Alberta, Canada March 2010
Just got in last night and am just finishing an all-nighter editing about 2000 images. I knew I should go to bed but I went from shooting aerials in a small plane, landing, and then racing to catch my flight home, so I was anxious to get that material downloaded, backed up, and then have a look at it. No chance staying warm on this shoot. I flew in minus 23 yesterday shooting aerials. I hate to think what the wind chill was with the window open. After just a minute or so, you start to loose feeling in your hands and face, even with gloves on. As a result. My face and hands are cracked and red, low level frost nip I suppose. However I have some images I am happy with for compensation.

It is a different feeling being there with snow and ice and frigid temperatures. The cold weather really makes the smoke from the upgraders and the stream off the tailings ponds much more impressive, giving more of an apocalyptic, Mordor-like feeling.
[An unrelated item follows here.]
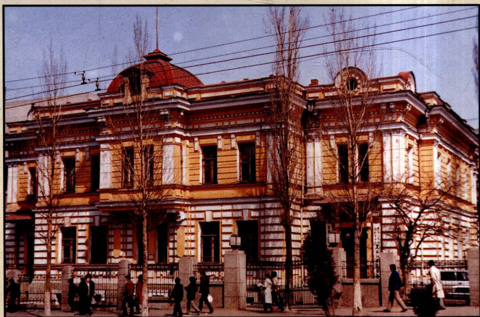
中国人民政治协 商会议黑龙江省委 员会办公楼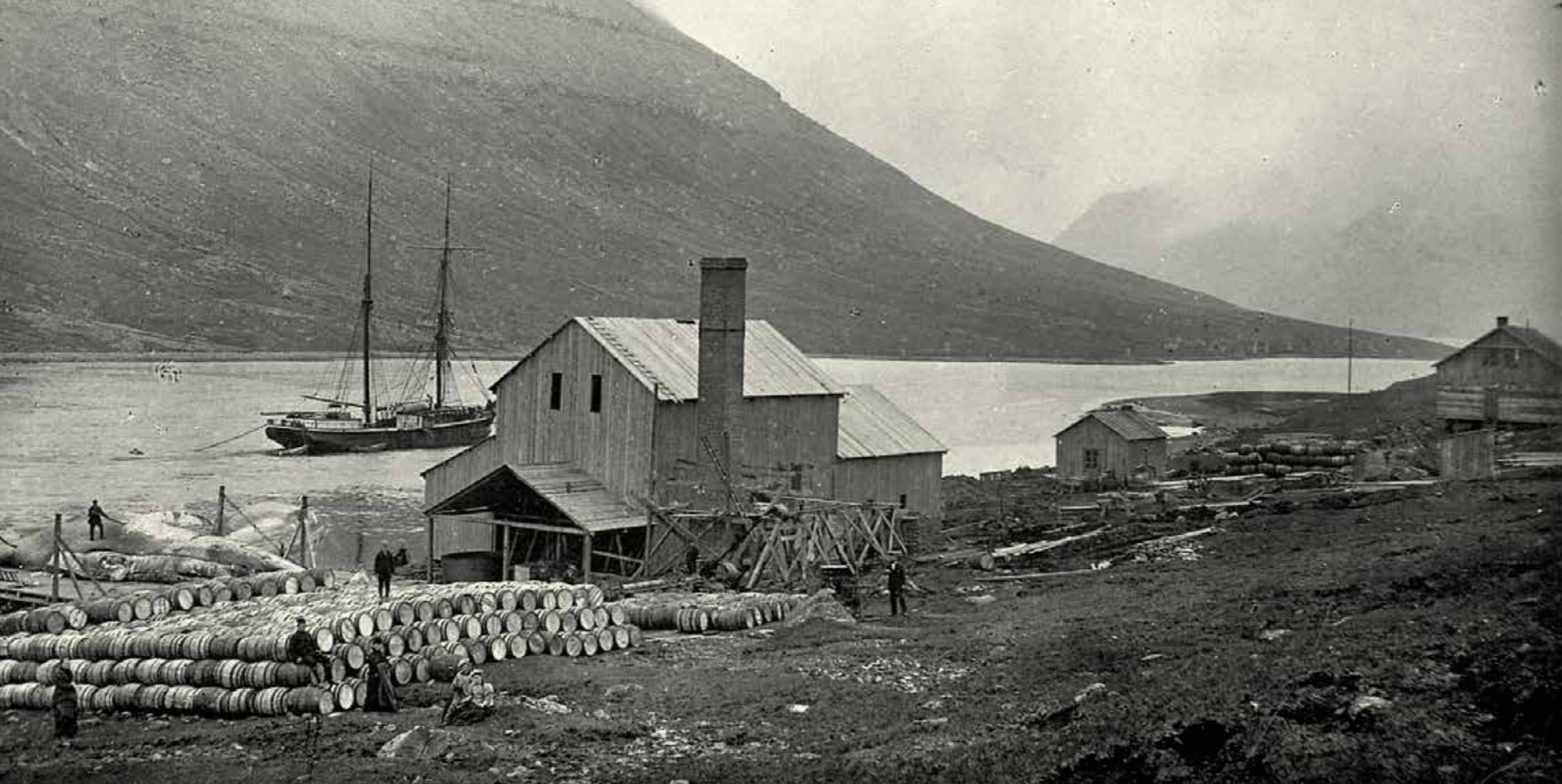
Mynd 3. Hvalastøðin við Kópagarðar norðan fyrri bygdina Norðdepil, har norðmenn høvdu hvalastøð um aldar-skiftið. Frá hesi hvalastøðini spjaddu rottur seg runt á Borðoyggi og Viðoyggi. Seinni kom hon eisini til Kunoy.

Mynd 4. 8. november 1952 hevur Norðlýsið forvitnisliga grein, har greitt verður frá átakinum at týna rottuna í Kunoy.

From the ground you feel like you are in some frozen gulag forced labour camp, or some dead planet from a science fiction movie where convicts are forced to labour. Of course, neither of these comparisons is really much of a stretch. As the biggest industrial project in the history of the earth, and the most environmentally damaging and toxic one, the Tar Sands aren’t exactly teeming with life at the best of times. However, at this time of year, they seem particularly lifeless and bleak.


It is easy to forget that just a few years ago, most of this was still intact boreal forest and wetlands. The breeding habitat for almost half the bird species found in North America, home to bison, woodland caribou, grizzly, wolves, and many other of North America’s most iconic and threatened species. This land was also part of the planet’s greatest terrestrial carbon sink. For the companies mining this land for bitumen – which is what the material found under this land is – these forests and wetlands are “overburden”, to be cut, dredged, and dug up. It is ironic the the planets greatest carbon sink is being destroyed in order to produce oil from the tar sands, a process that produces more carbon, and consumes more energy and water, than any other oil recovery and refining process. Proposed expansion of the Tsar Sands would see the possible quintupling of production within as little as two decades. This would result in the intense industrialization of an area the size of Florida.


Circling over the frozen Athabasca, you can easily see how perilously close the vast tailings ponds are to the river. Just a few metres in places. These tailings ponds, which are so large they can be seen from outer space, are unlined, filled with the most toxic substances on the planet, and leaking into the Athabasca River and the food chain of the some 300,000 indigenous people who live downstream in the Mackenzie basin. They are the world’s largest impoundments of toxic waste. A report, prepared for Suncour in 2007, found that one of its tar ponds along the Athabasca River was leaking at a rate of one million gallons per day, or the equivalent of two Olympic size swimming pools each day. In the downstream indigenous community of Fort Chipewyan cases of rare cancers have skyrocketed and a 2007 study showed elevated levels of mercury, arsenic, and PAHS in fish, water, and sediment.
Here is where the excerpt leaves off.